- Exercise aim:
Ignoring the pictures, copy the data exactly.

- Collected material:
◆ ◆ ◆ ◆ ◆ ◆ ◆

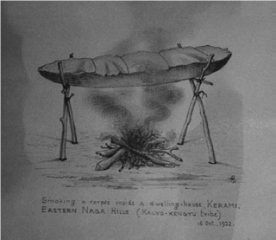 Over the years, my interest in exploring ethno-parallels to protohistoric burials, (the methods of disposing the dead) gained momentum. I was of course more concerned with the bone contents of the burial. I started working with my student Worrawit Boonthai, of University of Bangkok at a site known as Pratu Pha, Lampang province, north Thailand. The site is known for 1800 rock paintings and not for being a burial site. What we discovered was both fascinating and confusing. We came across some burials, essentially in ‘primary’ condition, with complete charred skeletons in proper anatomical position. The bodies were wrapped in bamboo mat. The traces of which were clearly visible. Mat was also charred or partially charred. Probably, these were not cremated bodies. There were no cracks or warping to suggest direct exposure to fire in flesh-on (or ‘green’) condition. I was looking for ethnological parallel. Interestingly, Alok Kanungo of IIT, Gandhinagar informed me about custom of ‘smoke drying,’ still being sporadically practised by a Naga group (6).
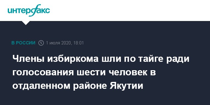 Москва. 1 июля. INTERFAX.RU - Члены территориальных и участковых комиссий Якутии преодолели большие расстояния в тайге и плыли по морю, чтобы жители региона могли проголосовать по поправкам в Конституцию РФ, говорится в распространенном пресс-службой комментарии главы республики Айсена Николаева.
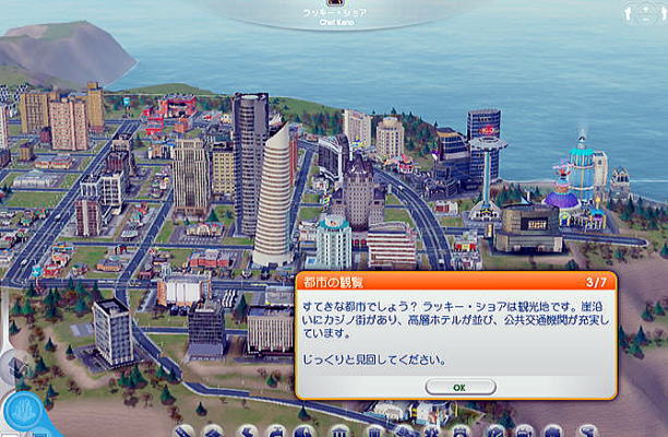 シムシティ 2013年版は、基本的に2つの遊ぶ方がある。ひとつはマルチプレイ(オンライン)、もうひとつはシングルプレイ(オフラインシングルプレイ)である。マルチプレイは、全世界のプレイヤーとリアルタイムでつながりながらのプレイとなり、プレイ結果は、すべてサーバーのハードディスクに保存される。一方、シングルプレイは、自分一人のプレイである。オフラインの場合には自分のパソコンにデータが保存できる。 実際にやってみて分かるのだが、マルチプレイであるが故に、自分のまちを超えた情報、資金、資源などのやりとりで問題が解決することもある。ただ、基本はシングルプレイであることは言うまでも無い。 マルチプレイでは、自分の成果を世界中のプレイヤ−(市長)と比べたり、項目別の世界ランキングで順位を競うことも出来る。いきなり世界ではなく自分が参加しているサーバーの地区別のランキングである。支持率、人口、財源、犯罪率、環境対策、健康、教育などさまざまな部門がある。 以下はシムシティ最新版(2013)の開発者によるシムシティの魅力です。シムシティは2013年1月に発売されて以来、さまざまな改良、拡充が行われており、世界中で楽しまれているシミュレーションゲームである。 以下はEA社によるシムシティの紹介。 シムシティ ゲーム紹介シムシティとは?新しい「シムシティ」のシミュレーションはかつてない程、奥深くなりました。 模型のような世界と詳細なシミュレーションにより、「シムシティ」はかつてないほど反応が良く、個々のシムまでシミュレートされるゲームになりました。 このゲームは同時に、最も拡張性が高い都市シミュレーションです。 地域を制御し、真のマルチシティスケールを実現しました。 最大16都市で同時に遊べ、それぞれ異なる街に特化できます。 史上初めてマルチプレイヤーに対応し、新たな遊び方が加わりました。 あなたの決断は都市にも地域にも影響します。友達と協力、競争して実績を達成し、新しい楽しみ方でプレイしましょう。 最後に、「シムシティ」はライブサービスとして、新しいチャレンジから新要素、コンテンツまで、リアルタイムにアップデートのシミュレートを行います。 奥深いシミュレーション新しいGlassBoxエンジンにより、都市全体のシステムから個々のシムまで、見えるもの全てがシミュレートされます。 行動の結果をすぐに確認して、システムの状態をチェックしましょう。 個々のシムをクリックすると、現在の行動や所得、満足度が表示され、あなたの行動のインパクトが分かります。 電力、税率、汚染、教育、失業などをコントロールしましょう! 新しいデータ可視化ツールにより、プレイヤーは重要な情報へ簡単にアクセスできるようになりました。 電力レイヤーをクリックすると、都市の電力供給状態を示すスナップショットが表示されます。 もしくは消防署をカスタマイズして派遣タワーを追加し、火災や緊急事態へ素早く対応できるようにしましょう。 街の方向性都市計画の戦略を選択して、自分好みの産業を発展させましょう。 知的なシムを求めるなら、図書館、コミュニティ・カレッジ、大学で溢れるカレッジタウンを目指せます。 カジノ、電子機器、石炭、貿易などの大事業に特化すれば、街は財政的に豊かになります。 こうした特化にはそれぞれメリットもありますが、悪影響も存在します。 教育を受けたシムは地域に貢献する技術をアンロックしてくれる一方で、大規模な大学は高い維持費がかかります。 カジノは観光客を呼び込み、シムオリオンを稼げますが、望まない犯罪も増加します。 マルチプレイヤーあなたが下す決断は、都市だけでなく地域にもインパクトを与えるようになりました。 良き隣人として消防や警察を他の都市に提供することも、工業に特化して汚染を生み出し、近隣都市で病気が蔓延する姿を眺めることもできます。 友達と協力、競争して偉業を生み出すことも、ランキングのトップに立って実績を獲得することもあります。 ライブサービスとして、新しいチャレンジから新要素、コンテンツまで、ゲームはリアルタイムにシミュレートを行います。 出典:EA Japan下はシムシティでまちをつくるイメージ、日本語スーパーインポーズ入り動画だ。 つづく |
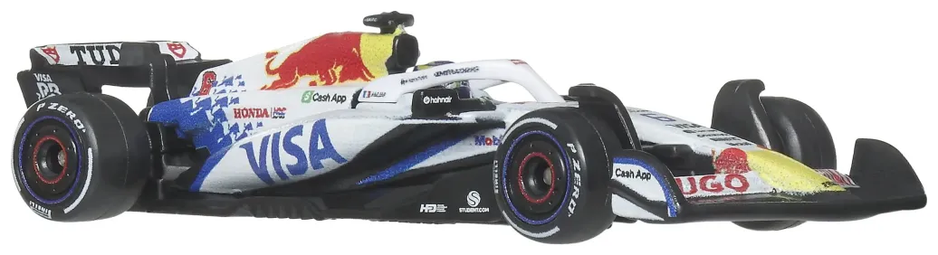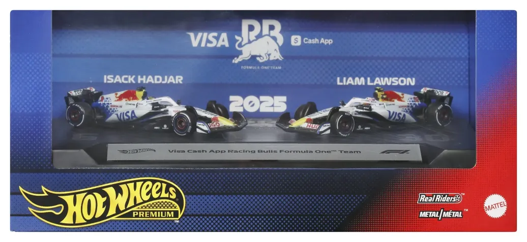Mit diesem Hot Wheels Premium Visa Cash App Racing Bulls F1-Team 2er-Pack schaltet jede Hot Wheels Sammlung in den Turbogang. Das Set enthält Die-Cast-Rennautos im Maßstab 1:64, die von den Modellen inspiriert sind, die Liam Lawson und Isack Hadjar fahren. Jedes Auto verfügt über authentische Lackierungen mit realitätsnahen Frontflügeln und Seitenkästen sowie detaillierten Fahrerhelmen. Die Karosserie und das Fahrwerk aus Metall sowie die Real-Riders-Reifen unterstreichen die hochwertige Verarbeitung der Autos. Mit der speziellen Verpackung und dem individuellen Ausstellungssockel punkten beide Fahrer. Abweichungen in Farbe und Gestaltung vorbehalten.

◆ ◆ ◆ ◆ ◆ ◆ ◆

- Result below:
 Over the years, my interest in exploring ethno-parallels to protohistoric burials, (the methods of disposing the dead) gained momentum. I was of course more concerned with the bone contents of the burial. I started working with my student Worrawit Boonthai, of University of Bangkok at a site known as Pratu Pha, Lampang province, north Thailand. The site is known for 1800 rock paintings and not for being a burial site. What we discovered was both fascinating and confusing. We came across some burials, essentially in ‘primary’ condition, with complete charred skeletons in proper anatomical position. The bodies were wrapped in bamboo mat. The traces of which were clearly visible. Mat was also charred or partially charred. Probably, these were not cremated bodies. There were no cracks or warping to suggest direct exposure to fire in flesh-on (or ‘green’) condition. I was looking for ethnological parallel. Interestingly, Alok Kanungo of IIT, Gandhinagar informed me about custom of ‘smoke drying,’ still being sporadically practised by a Naga group (6).
 Москва. 1 июля. INTERFAX.RU - Члены территориальных и участковых комиссий Якутии преодолели большие расстояния в тайге и плыли по морю, чтобы жители региона могли проголосовать по поправкам в Конституцию РФ, говорится в распространенном пресс-службой комментарии главы республики Айсена Николаева.
 シムシティ 2013年版は、基本的に2つの遊ぶ方がある。ひとつはマルチプレイ(オンライン)、もうひとつはシングルプレイ(オフラインシングルプレイ)である。マルチプレイは、全世界のプレイヤーとリアルタイムでつながりながらのプレイとなり、プレイ結果は、すべてサーバーのハードディスクに保存される。一方、シングルプレイは、自分一人のプレイである。オフラインの場合には自分のパソコンにデータが保存できる。 実際にやってみて分かるのだが、マルチプレイであるが故に、自分のまちを超えた情報、資金、資源などのやりとりで問題が解決することもある。ただ、基本はシングルプレイであることは言うまでも無い。 マルチプレイでは、自分の成果を世界中のプレイヤ−(市長)と比べたり、項目別の世界ランキングで順位を競うことも出来る。いきなり世界ではなく自分が参加しているサーバーの地区別のランキングである。支持率、人口、財源、犯罪率、環境対策、健康、教育などさまざまな部門がある。 以下はシムシティ最新版(2013)の開発者によるシムシティの魅力です。シムシティは2013年1月に発売されて以来、さまざまな改良、拡充が行われており、世界中で楽しまれているシミュレーションゲームである。 以下はEA社によるシムシティの紹介。 シムシティ ゲーム紹介シムシティとは?新しい「シムシティ」のシミュレーションはかつてない程、奥深くなりました。 模型のような世界と詳細なシミュレーションにより、「シムシティ」はかつてないほど反応が良く、個々のシムまでシミュレートされるゲームになりました。 このゲームは同時に、最も拡張性が高い都市シミュレーションです。 地域を制御し、真のマルチシティスケールを実現しました。 最大16都市で同時に遊べ、それぞれ異なる街に特化できます。 史上初めてマルチプレイヤーに対応し、新たな遊び方が加わりました。 あなたの決断は都市にも地域にも影響します。友達と協力、競争して実績を達成し、新しい楽しみ方でプレイしましょう。 最後に、「シムシティ」はライブサービスとして、新しいチャレンジから新要素、コンテンツまで、リアルタイムにアップデートのシミュレートを行います。 奥深いシミュレーション新しいGlassBoxエンジンにより、都市全体のシステムから個々のシムまで、見えるもの全てがシミュレートされます。 行動の結果をすぐに確認して、システムの状態をチェックしましょう。 個々のシムをクリックすると、現在の行動や所得、満足度が表示され、あなたの行動のインパクトが分かります。 電力、税率、汚染、教育、失業などをコントロールしましょう! 新しいデータ可視化ツールにより、プレイヤーは重要な情報へ簡単にアクセスできるようになりました。 電力レイヤーをクリックすると、都市の電力供給状態を示すスナップショットが表示されます。 もしくは消防署をカスタマイズして派遣タワーを追加し、火災や緊急事態へ素早く対応できるようにしましょう。 街の方向性都市計画の戦略を選択して、自分好みの産業を発展させましょう。 知的なシムを求めるなら、図書館、コミュニティ・カレッジ、大学で溢れるカレッジタウンを目指せます。 カジノ、電子機器、石炭、貿易などの大事業に特化すれば、街は財政的に豊かになります。 こうした特化にはそれぞれメリットもありますが、悪影響も存在します。 教育を受けたシムは地域に貢献する技術をアンロックしてくれる一方で、大規模な大学は高い維持費がかかります。 カジノは観光客を呼び込み、シムオリオンを稼げますが、望まない犯罪も増加します。 マルチプレイヤーあなたが下す決断は、都市だけでなく地域にもインパクトを与えるようになりました。 良き隣人として消防や警察を他の都市に提供することも、工業に特化して汚染を生み出し、近隣都市で病気が蔓延する姿を眺めることもできます。 友達と協力、競争して偉業を生み出すことも、ランキングのトップに立って実績を獲得することもあります。 ライブサービスとして、新しいチャレンジから新要素、コンテンツまで、ゲームはリアルタイムにシミュレートを行います。 出典:EA Japan下はシムシティでまちをつくるイメージ、日本語スーパーインポーズ入り動画だ。 つづく |
Mit diesem Hot Wheels Premium Visa Cash App Racing Bulls F1-Team 2er-Pack schaltet jede Hot Wheels Sammlung in den Turbogang. Das Set enthält Die-Cast-Rennautos im Maßstab 1:64, die von den Modellen inspiriert sind, die Liam Lawson und Isack Hadjar fahren. Jedes Auto verfügt über authentische Lackierungen mit realitätsnahen Frontflügeln und Seitenkästen sowie detaillierten Fahrerhelmen. Die Karosserie und das Fahrwerk aus Metall sowie die Real-Riders-Reifen unterstreichen die hochwertige Verarbeitung der Autos. Mit der speziellen Verpackung und dem individuellen Ausstellungssockel punkten beide Fahrer. Abweichungen in Farbe und Gestaltung vorbehalten.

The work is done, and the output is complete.